One of these is to focus attention on the Bush administration’s ongoing contributions to enhancing the risk of terrorism, including very serious terrorist attacks against the US. Even if the cyberspace and other conclusions about 9/11 were credible they would not begin to compare with Bush administration actions that are hardly controversial and that have or threaten far more hideous effects. In comparison with these clear cases, for which evidence is overwhelming from the most respectable mainstream sources, the involvement of the Bush administration in 9/11, if it could be supported, would amount to very little. To take an obvious example, consider the invasion of Iraq.

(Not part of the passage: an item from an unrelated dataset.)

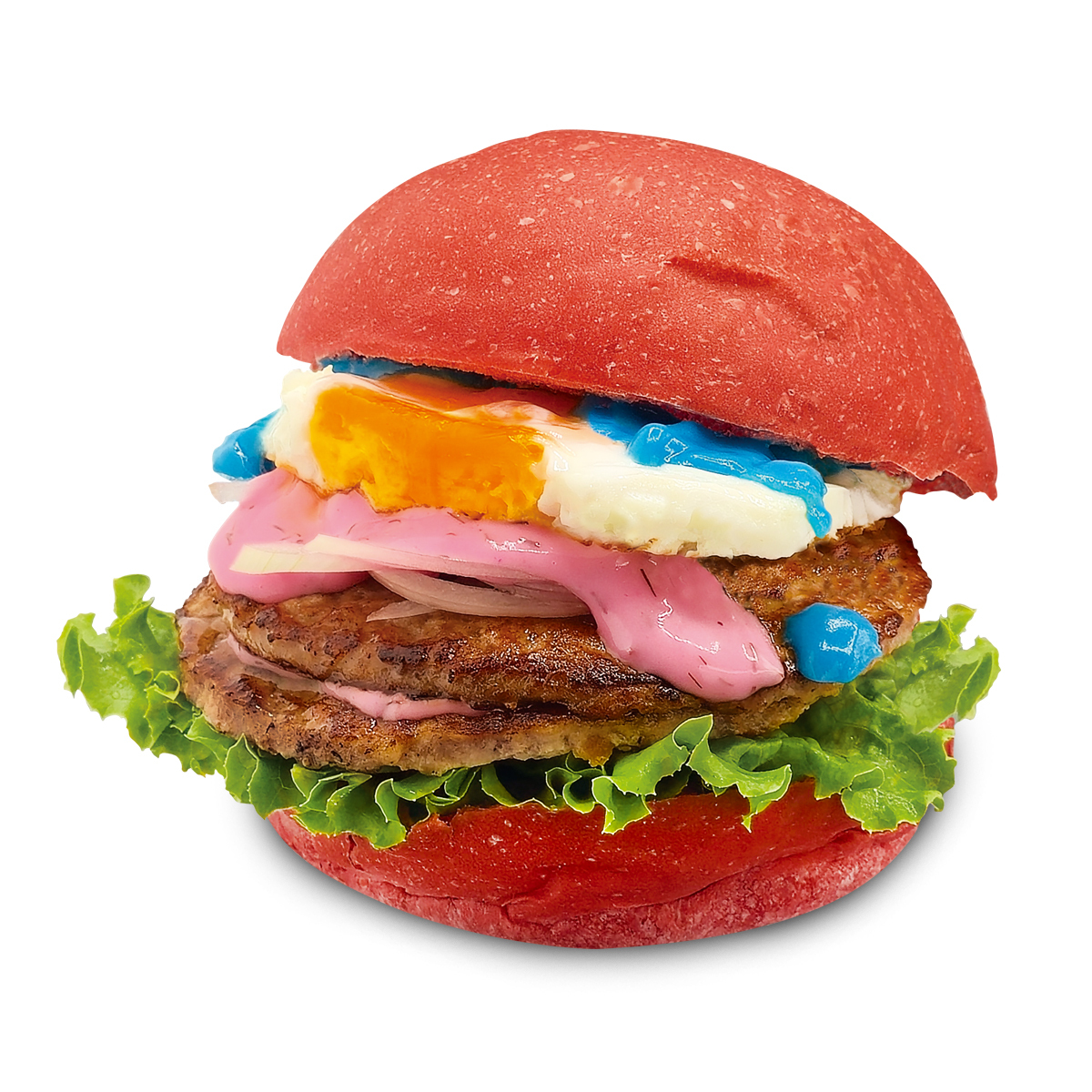 カラフルで迫力満点の仕上がりはカオスの域で、目の前に出てきた瞬間に圧倒されそうです。ここまでインパクトのあるバーガーはなかなかないので、正直食べるのに少し勇気がいりそうですが……。そのユニークさも含めて楽しみたくなる一品です!

Quite apart from the massive crimes against Iraqis, the invasion was undertaken with the expectation, since amply confirmed, that it would increase the threat of jihadist terror of the kind that the Reaganites organized in the 1980s, as well as proliferation. Former defense secretaries (including McNamara) and prominent strategic analysts estimate the likelihood of nuclear terror in the US at about 50% in the next decade: alongside that, and its likely aftermath, 9/11 would pale into insignificance. And that’s the least of it. The policies of aggressive militarism and “transformation of the military” are, as predicted, driving potential rivals to react in ways that greatly enhance the risk of possibly terminal nuclear war, maybe by accident, maybe by leaking of WMD technology to terrorists, maybe in other ways.

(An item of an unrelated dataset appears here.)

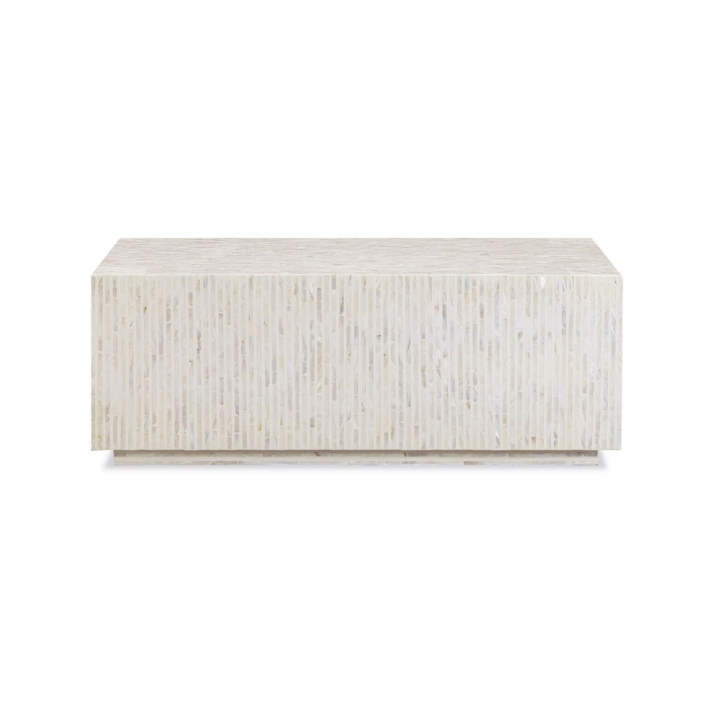 The Earl table sparkles with charm. Each version showcases natural shells that are hand placed and hand polished, creating a playful linear pattern that feels fresh and radiant. Whether in light blue Capiz or creamy Mother of Pearl, it brings eye catching texture and a sweet, uplifting glow to your space.

All of these matters are well-established, rarely discussed, and vastly more significant that any possible Bush administration involvement in 9/11.

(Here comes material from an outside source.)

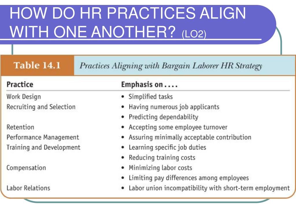 Aligning Strategy with Practice. Chapter 14. Learning Objectives. After reading this chapter you should be able to: Explain the concepts of vertical and horizontal alignment. Identify the specific human resource practices that fit within each of the basic HR strategies.

…I might perhaps add that this whole matter reminds of a DOD document on declassification a few years ago. It suggests that “interesting declassified material” such as information about the JFK assassination could be released and even posted on the internet as a “diversion,”
which might “reduce the unrestrained public appetite for `secrets’ by providing good faith distraction material.” The idea, according to the
(outstanding) British intelligence analyst who published the document, is that if investigators are absorbed with the grassy knoll they won’t probe into serious areas where they are unwelcome.